» **Data to process**:
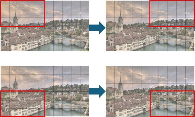 앞서 강조했듯이 이미지의 일부분을 차례대로 훑어 보면서 이미지 전체를 파악하는 것이 CNN 의 기본 메커니즘입니다. 예를 들어 아래 그림과 같이 5x3 빨간 상자를 만들어 내부를 보고 다음 부분으로 이동을 시키면서 전체 부분을 살펴볼 수 있습니다. 따라서 부분들에서 얻어진 정보를 모아 이미지 한 장을 해석하기 때문에 이미지를 벡터로 만들었을 때보다 객체의 크기와 위치에 덜 민감합니다.
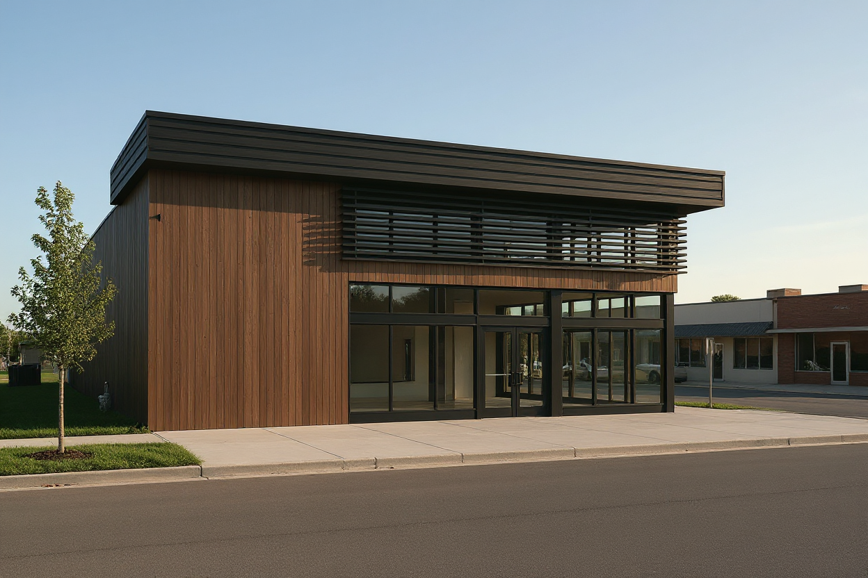 exterior shot a sunny day remove building and replace by parking lot dont show building remove building surrounding remove back building
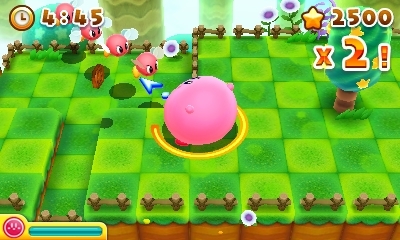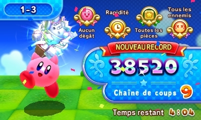 Au niveau du gameplay, le jeu est très simple et reprend les mécaniques des anciens jeux : on saute/vole, on avale et on recrache les ennemis. Cependant, le plus important dans ce jeu, c’est de scorer ! En effet, en avalant un ennemi, il faudra le recracher sur un autre afin de monter la chaine de combos. Pour augmenter son score, il faudra aussi récupérer les 4 médailles : finir le niveau sans se faire toucher, le terminer rapidement, avoir tué tous les ennemis, et enfin avoir récupéré toutes les pièces. A la fin du niveau, on se voit gratifier d’une coupe en bronze, argent, or, platine. Les 3 derniers meilleurs scores sont affichés aussi.
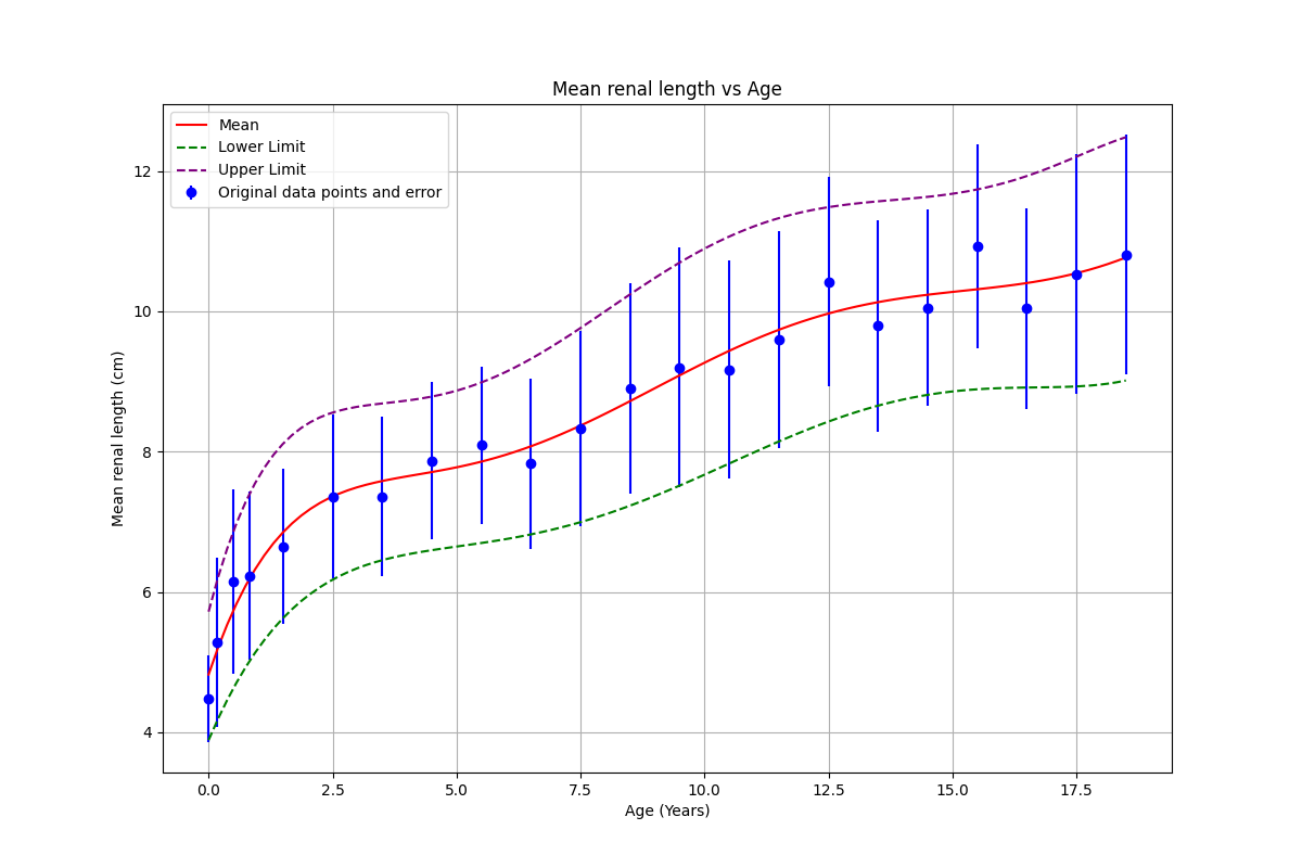 Figure derived from data presented in Rosenabaum et al (1). Polynomial curves have been fitted through data with a three group moving average standard deviation. One of the lowest standard deviations is at birth. This is not congruent with the remaining data and I have chosen not to set the intercept - this way the data conform better with Han and Babcock (2). The data are limited by very small numbers above 16 years of age. The results are only approximate and consideration should be given to adult renal sizes - certainly this tool cannot be used in adults.
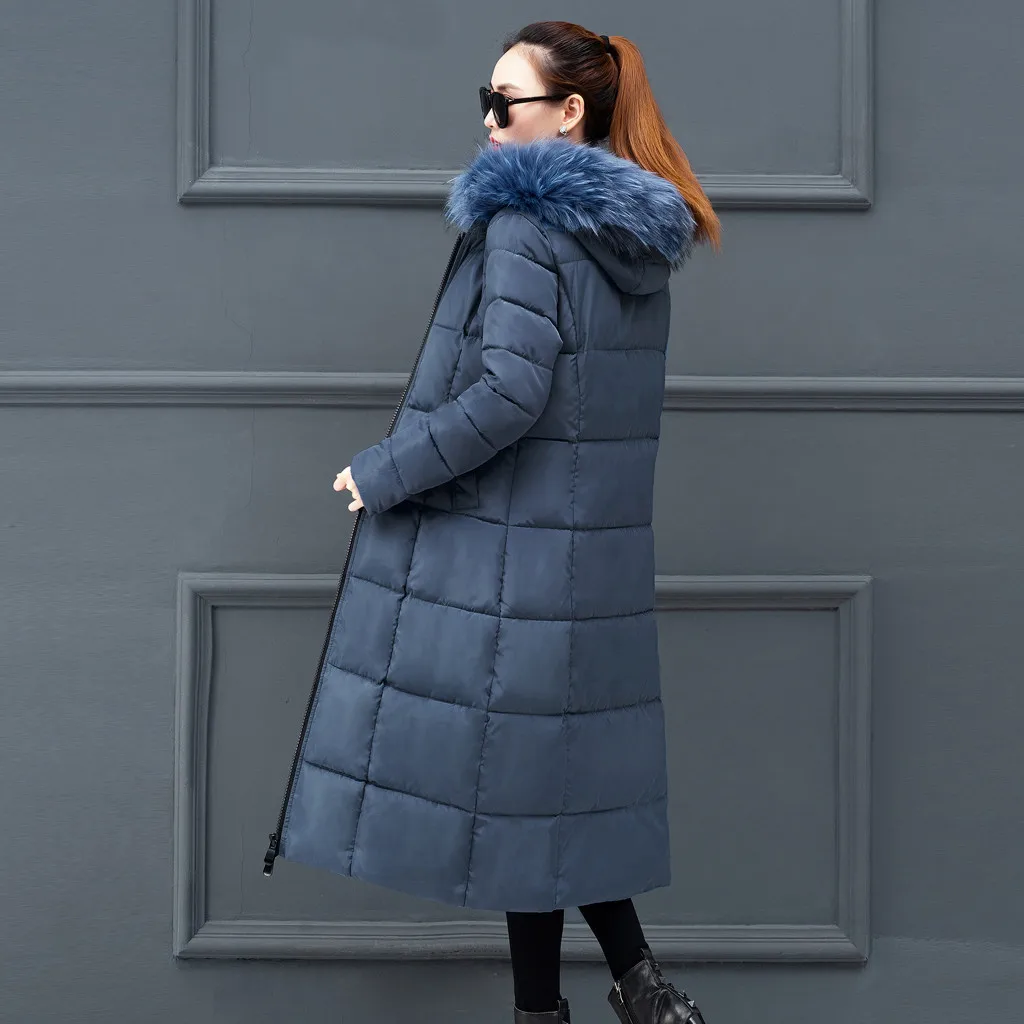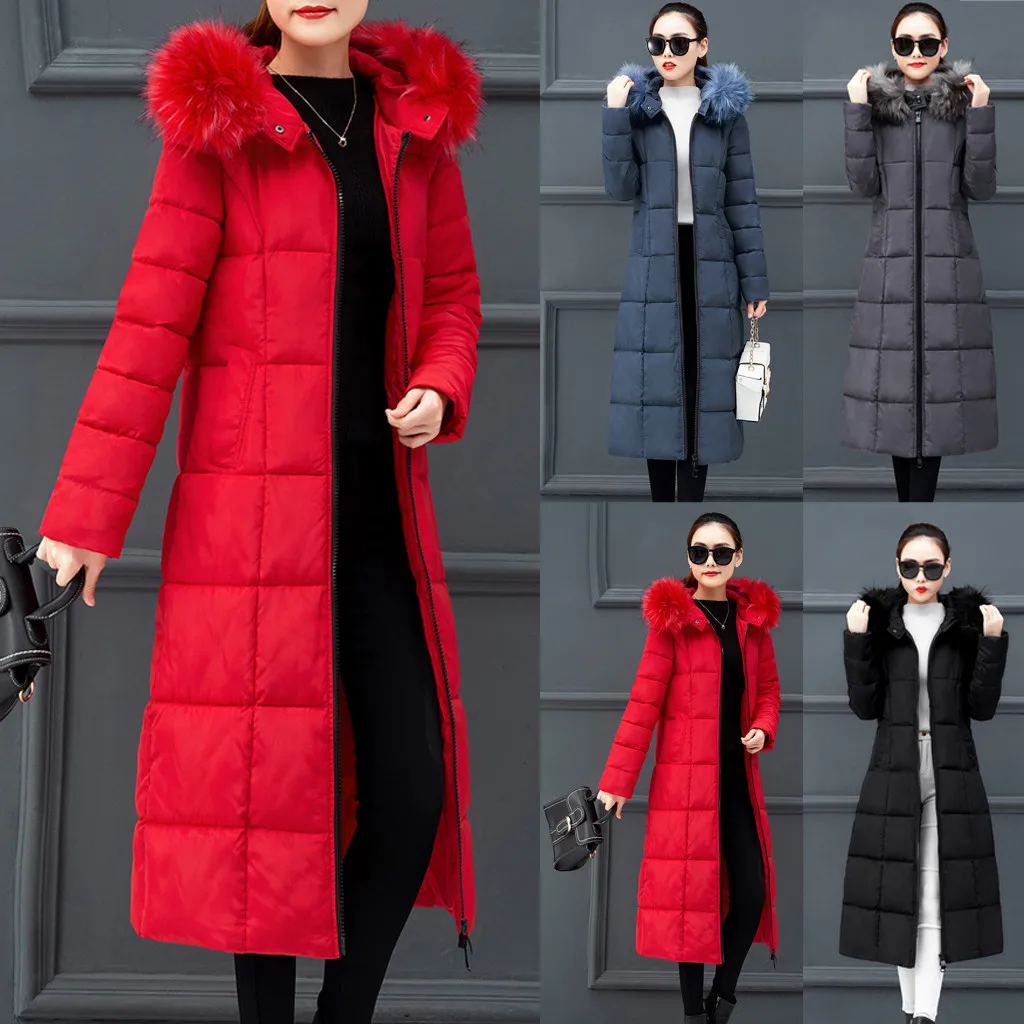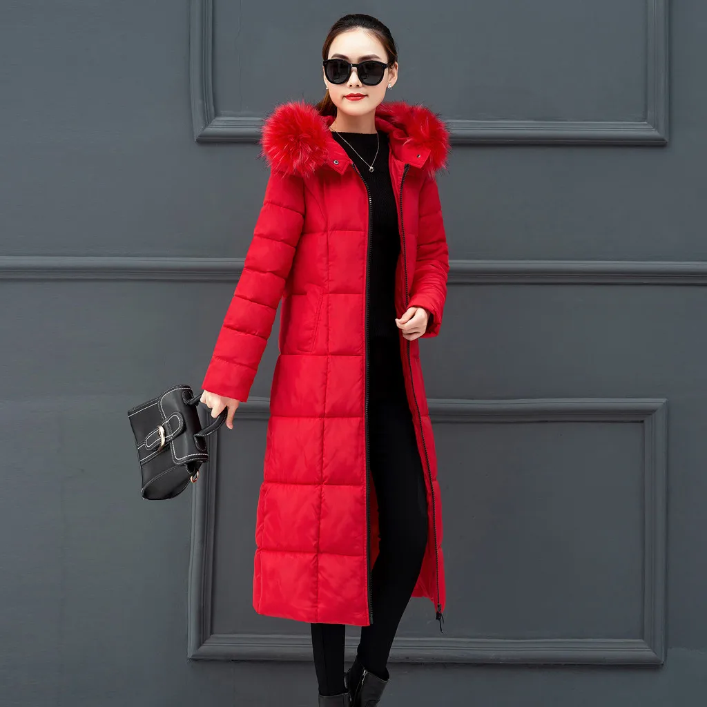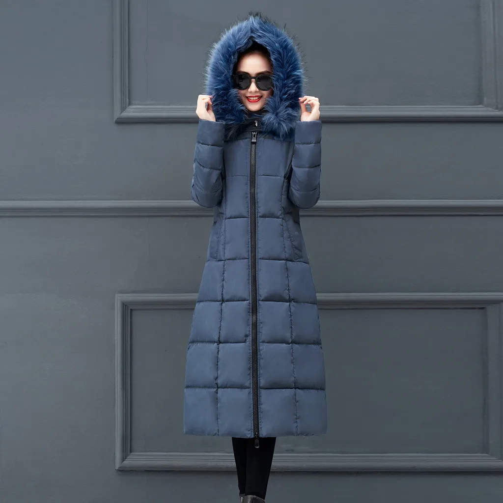 Женская верхняя одежда, пальто с меховым капюшоном, Длинные куртки на молнии с хлопковой подкладкой, пальто с карманами
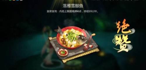 落雁雪酿鱼:使用煮锅,依次放入泉水、鱼、菜、豆腐。宴席食用效果内劲上限提高250点。
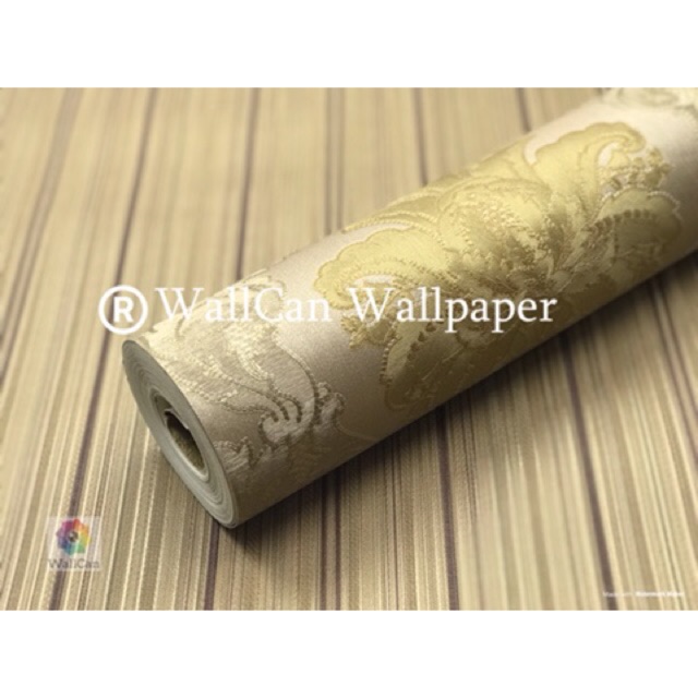 Suplier Perlengkapan di Kabupaten Bangkalan Wallpaper Vinyl Mewah Non Sticker Motif Kombinasi Classic Salur Krem Tua 53cmx10m dari Tidak Ada Merek Kota Jakarta Timur
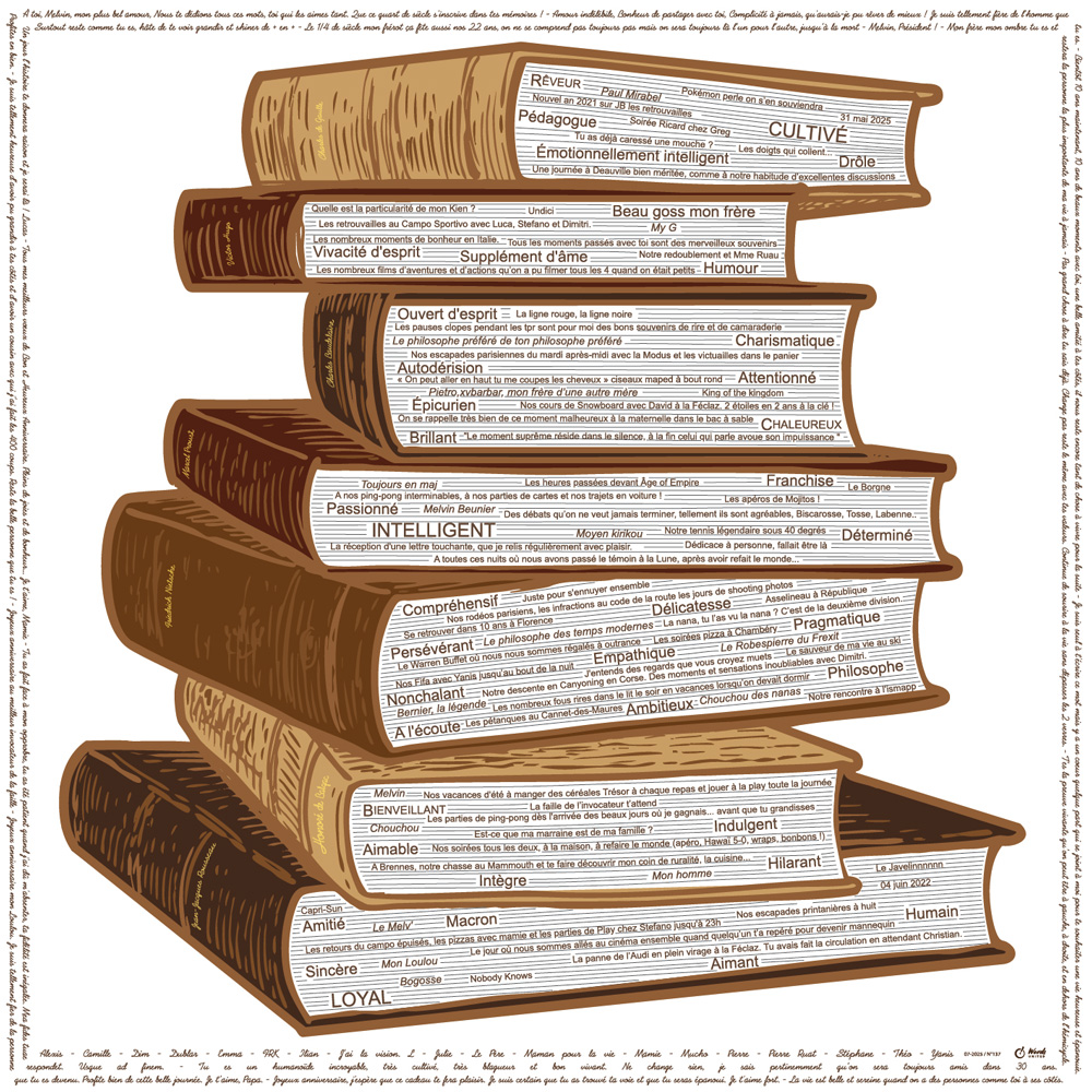They have already been produced by Bouquet de Mots and are based on a theme: the mountain, the sea, the classical guitar, the electric guitar, the cello, the fado, the horse, the planets, the atom, the tree, the little prince, rugby, the star, mickey, the dragonfly, the dog, works, golf, windsurfing, tennis, yin yang, the thinker…

» **The task**: For this copy, leave pictures out and reproduce the lines from the one bearing "Figure derived from" through the final line of the listing above, both ends included.

» **Written reply**:
 Figure derived from data presented in Rosenabaum et al (1). Polynomial curves have been fitted through data with a three group moving average standard deviation. One of the lowest standard deviations is at birth. This is not congruent with the remaining data and I have chosen not to set the intercept - this way the data conform better with Han and Babcock (2). The data are limited by very small numbers above 16 years of age. The results are only approximate and consideration should be given to adult renal sizes - certainly this tool cannot be used in adults.
 Женская верхняя одежда, пальто с меховым капюшоном, Длинные куртки на молнии с хлопковой подкладкой, пальто с карманами
 落雁雪酿鱼:使用煮锅,依次放入泉水、鱼、菜、豆腐。宴席食用效果内劲上限提高250点。
 Suplier Perlengkapan di Kabupaten Bangkalan Wallpaper Vinyl Mewah Non Sticker Motif Kombinasi Classic Salur Krem Tua 53cmx10m dari Tidak Ada Merek Kota Jakarta Timur
They have already been produced by Bouquet de Mots and are based on a theme: the mountain, the sea, the classical guitar, the electric guitar, the cello, the fado, the horse, the planets, the atom, the tree, the little prince, rugby, the star, mickey, the dragonfly, the dog, works, golf, windsurfing, tennis, yin yang, the thinker…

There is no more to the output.